The first argument hs::Vector denotes the adaptive integration weights provided by KadanoffBaym. Since these depend on the boundary points of the integration, there will usually be different weight vectors for the two integrals.
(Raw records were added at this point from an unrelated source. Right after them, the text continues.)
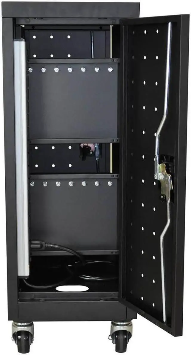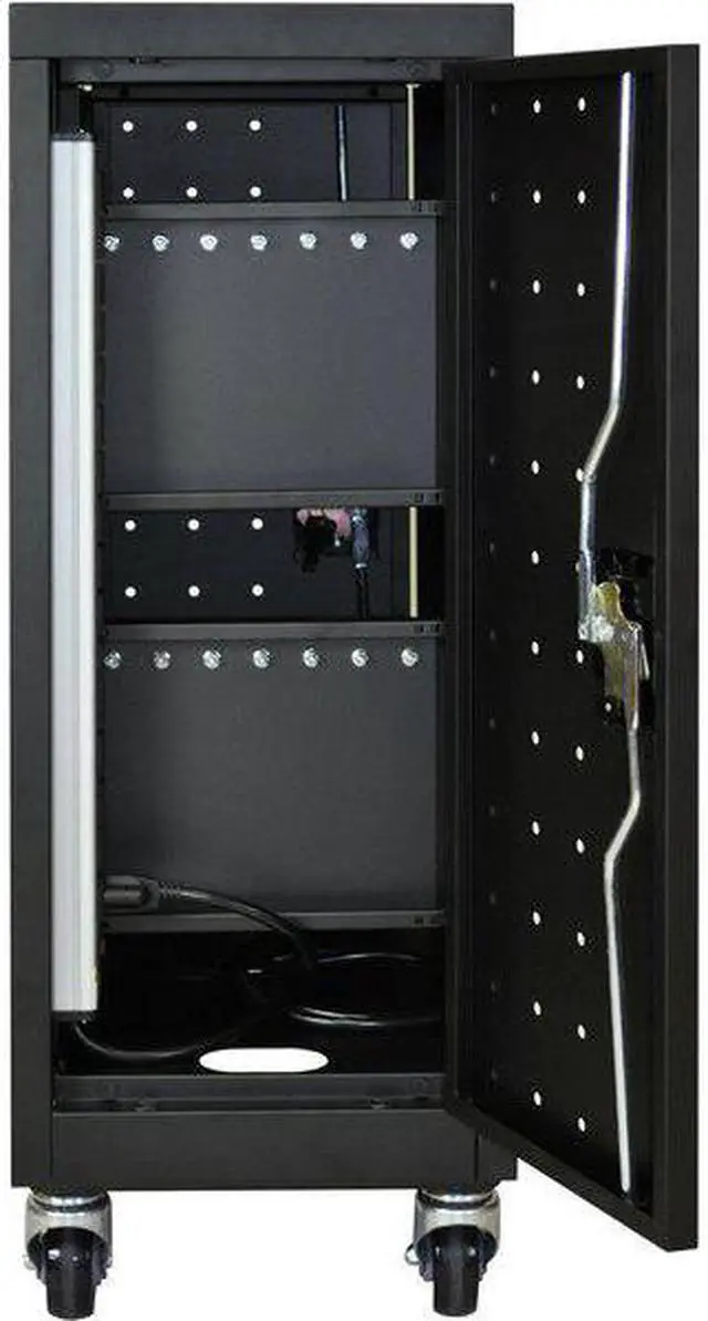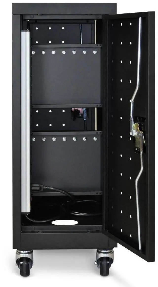 Dimension: 12"W x 20.25"D x 34"H. Divider Slots: 1"W. Cord Length: 10 feet.Includes UL-Listed 16-outlet 120V/15A vertical electrical power strip.Maximum weight capacity of 75 lbs. (evenly distributed).Locking front and rear access doors; includes two keys.Shelves: 12"W x 15.25"D with 10"H of top clearance. *Special Note:* Due to the latest, larger size of the 20W Apple iPad and Samsung Chromebook USB-C charging block adapters, only half of the available plug outlets are accessible in this unit.
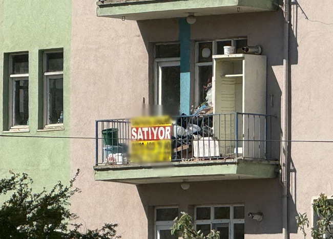 Hijyen şartlarının tamamen ortadan kalktığı gerekçesiyle uzun süre konuşulan daire, aradan geçen sürenin ardından bu kez satış ilanlarıyla gündeme geldi. Dairenin pencerelerine asılan emlakçı ilanları dikkat çekerken, mahalle sakinleri evi kimin satın alacağını merak ettiklerini ifade etti.
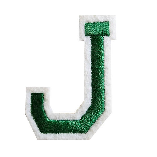 Strygemærke J er broderet på hvidt filt med grøn tråd. Mærket måler 4,9 cm i højden og 3,5 cm i bredden.
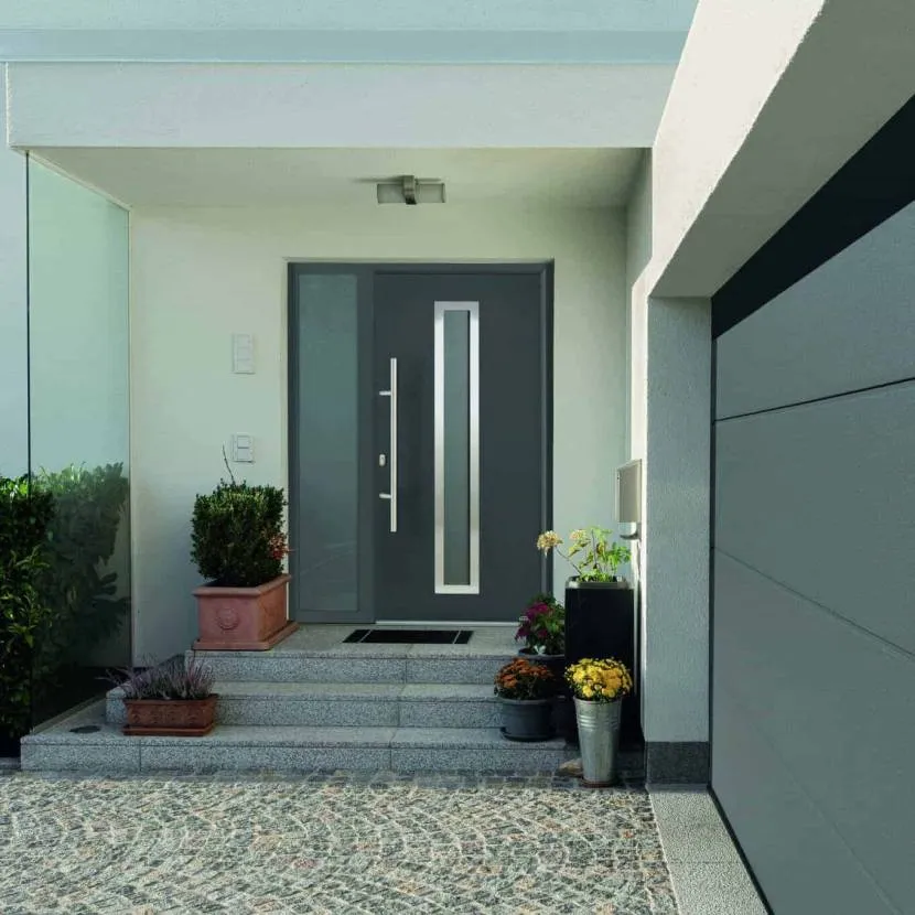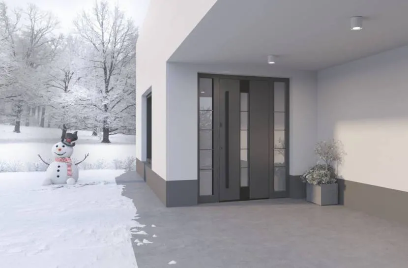 - Алюминиевые входные двери считаются самым дорогим продуктом на рынке. Они производятся на раме из алюминиевых профилей, а сверху покрываются листами ПВХ или стеклопластика. Однако, из-за свойств алюминия, их трудно назвать теплыми, обычная алюминиевая дверь имеет коэффициент теплопередачи U=1,3-1,4 Вт / (м 2 К). Однако совсем другое дело — алюминиевые двери с теплоразрывом, такие изделия имеют отличные параметры теплоизоляции. Лучшие из них имеют коэффициент U на пассивном уровне — 0,47 Вт / (м 2 К). К тому же алюминиевые входные двери можно сделать большого размера. Их можно объединить в наборы и создать эффектную стеклянную входную зону.
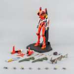 フィギュアの全長は肩パーツを含めて全長約25cm。素材にはABS、PVC、POM、亜鉛合金が使用されており、本体および付属パーツまで塗装済み。エヴァンゲリオン2号機のビビッドな赤が、threezeroの得意とする緻密な塗装で表現されています。
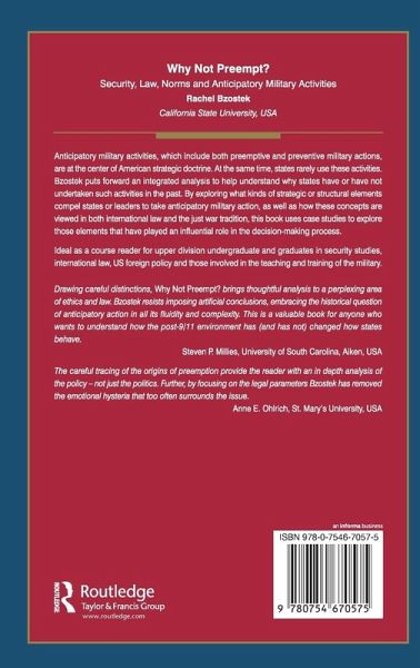 Anticipatory military activities, both preemptive and preventive, are at the centre of American strategic doctrine. Rachel Bzostek puts forward a full understanding of why states have or have not undertaken such activities in the past in order to comprehend why states have rarely used this method.
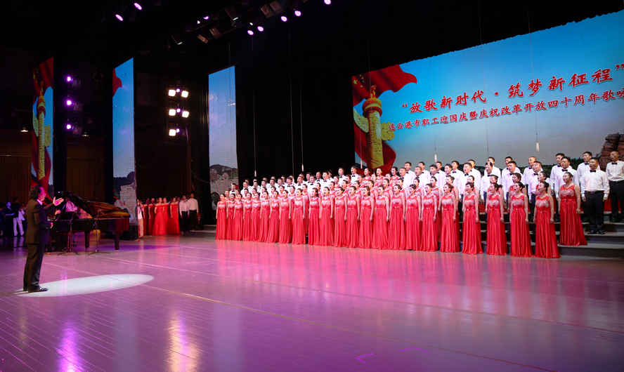 9月28日下午,由市委宣传部、市总工会、市文广新局联合举办的“放歌新时代·筑梦新征程”——连云港市职工迎国庆暨庆祝改革开放四十周年歌咏比赛在市艺术中心隆重举行。来自各县区、各条战线的16支代表队参加比赛,经过3个多小时紧张角逐,三亿sanyi(中国)公司组织的100人合唱队以《走向复兴》、《天路》两首激昂向上的歌曲脱颖而出,获得一等奖。
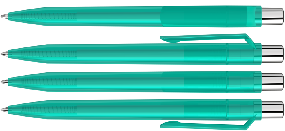 Druckkugelschreiber mit transparent glänzendem Gehäuse, silber glänzendem Drücker und farbigem Stopfen.
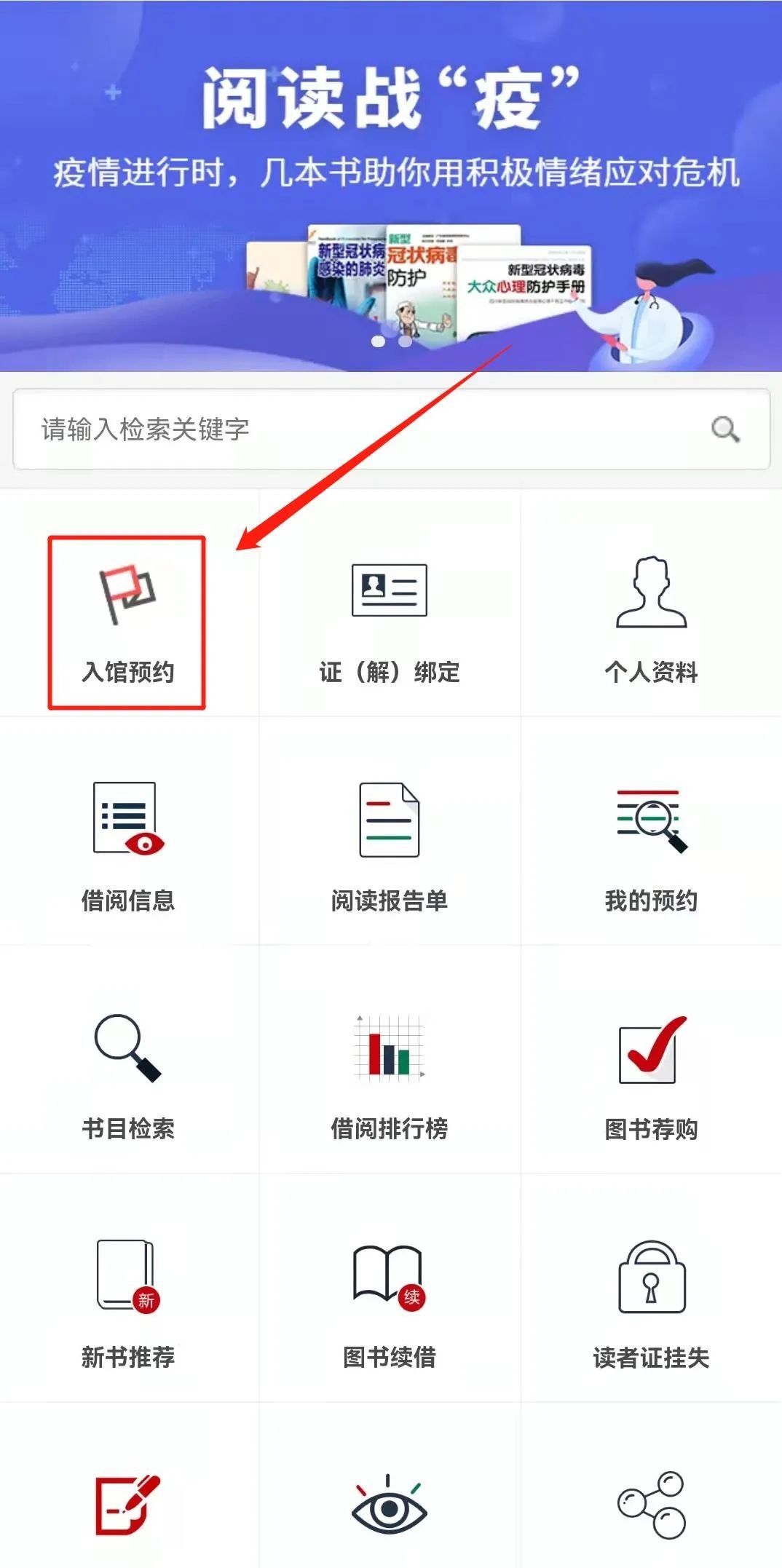 在呼和浩特市图书馆微信公众号菜单栏中点击“微服务大厅”,然后点击“入馆预约”后按提示操作即可。
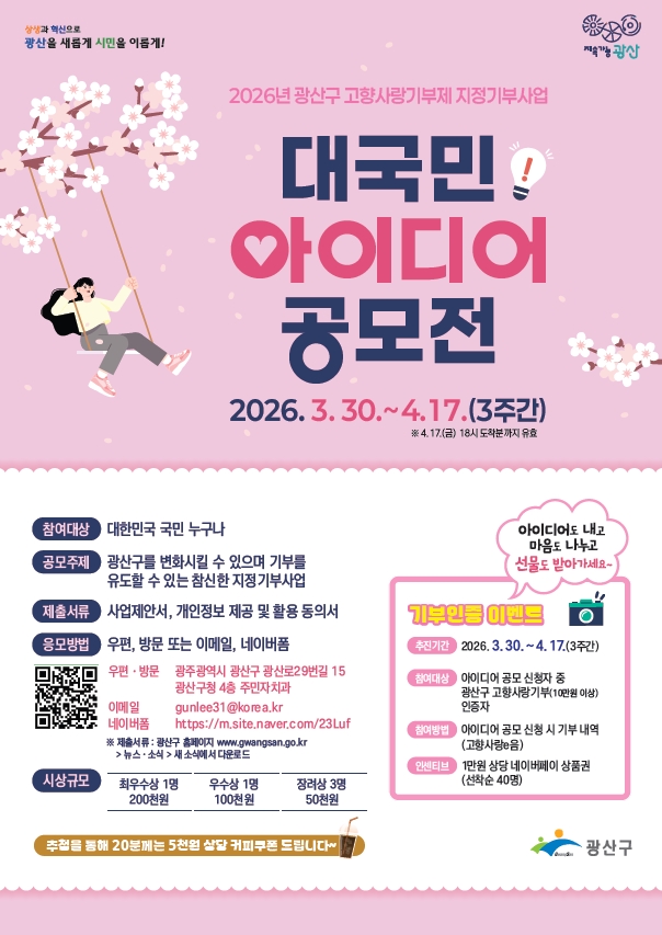 광산구가 ‘2026년 광산구 고향사랑기부제 지정기부사업 대국민 아이디어 공모’를 오는 4월 17일까지 진행한다.
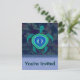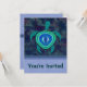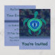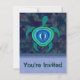 A blue sea turtle with a vivid blue eye on its back within a concentric circle pattern. Custom invitations -- fill in your own information; change the text to suit your occasion.
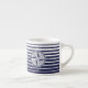 En nautisk design med en utsmyckad kompass steg på blått- och vitrandar och en etikett med anpassadetext.
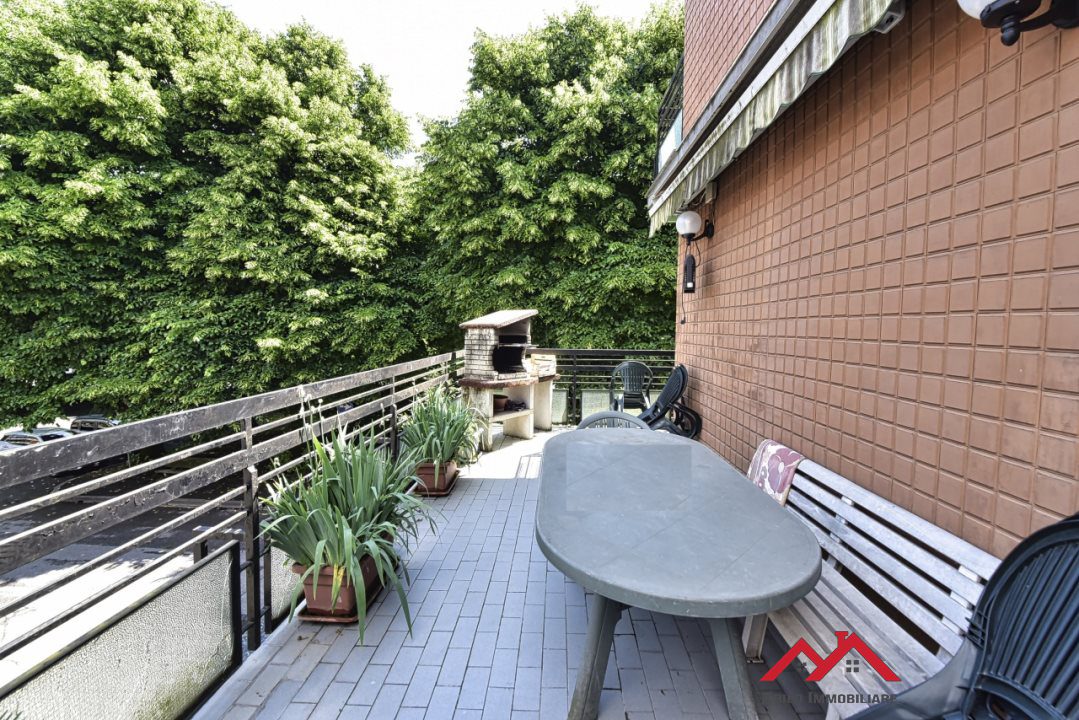 PLANIMETRIA CATASTALE IN FASE DI AGGIORNAMENTO.\nSoluzione è così composta:\nIngresso, ampio soggiorno con uscita su balcone, cucina abitabile con comodo terrazzo primo bagno ed ulteriore locale lavanderia oltre ad un ripostiglio.\nDa una comoda scala interna rifinita in marmo bianco e ferro battuto si accede al piano superiore adibito a zona notte, completo di camera matrimoniale con cabina armadio e bagno privato, due ampie camerette con uscita su balconi privati, bagno padronale e ripostiglio.\nL'appartamento è stato corredato da optional di altissima qualità come parquet in ulivo zanzariere climatizzatori in tutte le stanze, termo-arredi.\nIdeale per un nucleo familiare, dove si può godere di ottimi spazi interni per via dell'ampia metratura ed esterni grazie al terrazzo, ma nello stesso tempo essere a pochi passi da tutti i servizi che Melzo mette a disposizione.
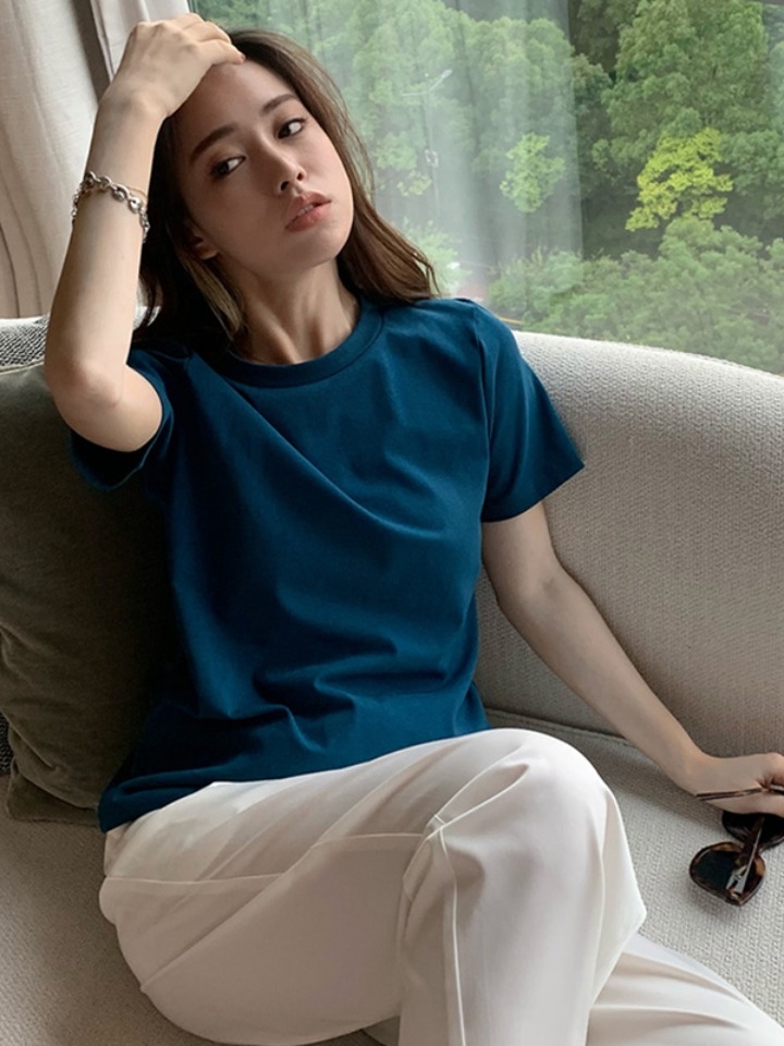 精致圆领设计,充分展现俏丽而不过分,完美的修饰颈部线条,十足减龄,宽松版型,短袖,常规款,上身效果超级清新范儿!
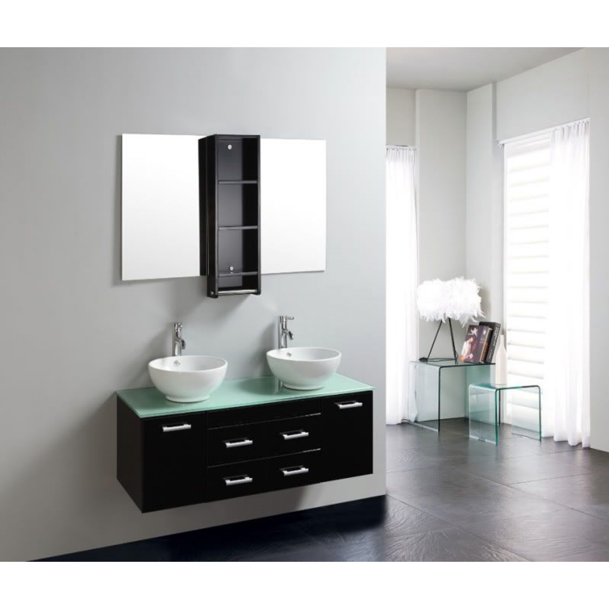 Mobile da Bagno Pensile Doppio da 120cm, colore Nero, completo di Doppio Lavabo, Mobile Pensile, Specchio, Mobiletto centrale con Mensole e Rubinetteria inclusi.
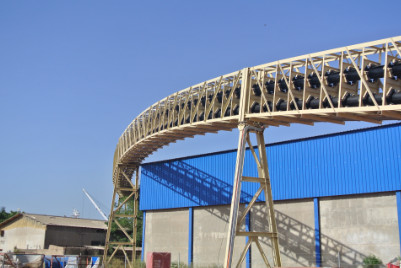 圓管帶式輸送機是傳統(tǒng)帶式輸送機的升級產(chǎn)品,具有不受空間和角度限制及完全封閉高環(huán)保性能的特點。隨著江蘇永鋼集團48°大傾角水平轉(zhuǎn)彎圓管帶式輸送機、寶鋼圓管輸送系統(tǒng)以及塞內(nèi)加爾GCO圓管帶式輸送系統(tǒng)等多個項目相繼投產(chǎn)使用,我公司已擁有一整套成熟的、具有自主知識產(chǎn)權(quán)和專利的圓管帶式輸送機技術(shù),可設(shè)計和制造管徑為Φ100~Φ650mm系列產(chǎn)品。
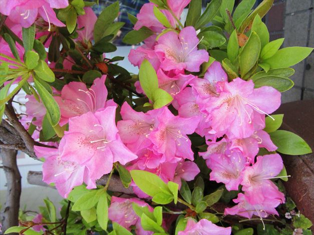 いつもは桜が終わる頃に咲き始めるつつじの枝に いくつかピンクの蕾が膨らんで
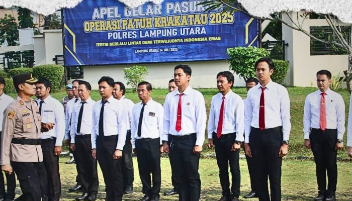 LAMPUNG UTARA II ONTV.CO.ID – Bupati Lampung Utara, Dr. Ir. Hamartoni Ahadis, M.Si., diwakili oleh Asisten I Bidang Pemerintahan dan Kesejahteraan Rakyat, Man Kodri, S.H., M.M., CPIA, menghadiri Apel Gelar Pasukan Operasi Patuh Krakatau 2025 yang dilaksanakan di halaman Mapolres Lampung Utara, Senin (14/07/2025).
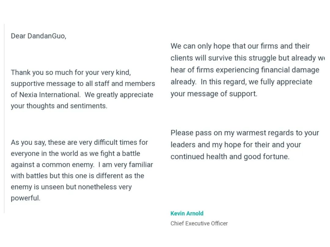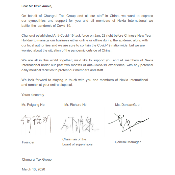 在疫情在意大利開始蔓延之時,中瑞國際集團的創始人何培剛先生、總經理何源泉先生,以及中瑞稅務集團總經理郭丹丹女士聯名給Nexia國際總裁Kevin Arnold先生等Nexia國際主要領導人發去信函,“we are one ”, 為應對新冠疫情中瑞愿意為各成員所提供力所能及的幫助,包括抗疫物資、設備等。Nexia總部將這封信函傳達給了各成員所,特別是深受疫情影響的意大利成員所,我們也收到總裁先生、亞太區總監Kristin女士及意大利成員所的感謝回函!

We are finally ready to define the equations of motion! In "vertical" time, we have

# Right-hand side for the "vertical" evolution
function fv!(model, data, out, times, h1, h2, t, t′)
    # Unpack data and model
    (; GL_u, GG_u, GL_u, GG_d, ΣL_u, ΣG_u, ΣL_d, ΣG_d) = data
    (; H_u, H_d, U) = model

    # Real-time collision integrals
    ∫dt1(A, B, C) = integrate1(h1, t, t′, A, B, C)
    ∫dt2(A, B, C) = integrate2(h2, t, t′, A, B, C)
    
    # The interaction varies as a function of the forward time (t+t')/2
    U_t = U((times[t] + times[t′])/2)
    
    # Hartree-Fock self-energies
    ΣHF_u(t, t′) = im * U_t * Diagonal(GL_d[t, t])
    ΣHF_d(t, t′) = im * U_t * Diagonal(GL_u[t, t])
    
    # Equations of motion
    out[1] = -1.0im * ((H_u + ΣHF_u(t, t′)) * GL_u[t, t′] + 
            ∫dt1(ΣG_u, ΣL_u, GL_u) + ∫dt2(ΣL_u, GL_u, GG_u)
        )

    out[2] = -1.0im * ((H_u + ΣHF_u(t, t′)) * GG_u[t, t′] + 
            ∫dt1(ΣG_u, ΣL_u, GG_u) + ∫dt2(ΣG_u, GL_u, GG_u)
        )

    out[3] = -1.0im * ((H_d + ΣHF_d(t, t′)) * GL_d[t, t′] + 
            ∫dt1(ΣG_d, ΣL_d, GL_d) + ∫dt2(ΣL_d, GL_d, GG_d)
        )

    out[4] = -1.0im * ((H_d + ΣHF_d(t, t′)) * GG_d[t, t′] +
            ∫dt1(ΣG_d, ΣL_d, GG_d) + ∫dt2(ΣG_d, GL_d, GG_d)
        )  
    
    return out
end

As for the tight-binding model, the equation of motion in "diagonal" time $T$ follows by subtracting its own adjoint from the vertical equation:

# Right-hand side for the "diagonal" evolution
function fd!(model, data, out, times, h1, h2, t, t′)
    fv!(model, data, out, times, h1, h2, t, t)
    out .-= adjoint.(out)
end

After defining a final time and some tolerances, we give everything to kbsolve!:

# final time
tmax = 4

# tolerances
atol = 1e-8
rtol = 1e-6

# Call the solver
sol = kbsolve!(
    (x...) -> fv!(model, data, x...),
    (x...) -> fd!(model, data, x...),
    [data.GL_u, data.GG_u, data.GL_d, data.GG_d],
    (0.0, tmax);
    callback = (x...) -> second_Born!(model, data, x...),
    atol = atol,
    rtol = rtol,
    stop = x -> (println("t: $(x[end])"); flush(stdout); false)
)

That's it! Results for tmax=32 are shown in our paper. Note that this implementation via KadanoffBaym is about as compact as possible.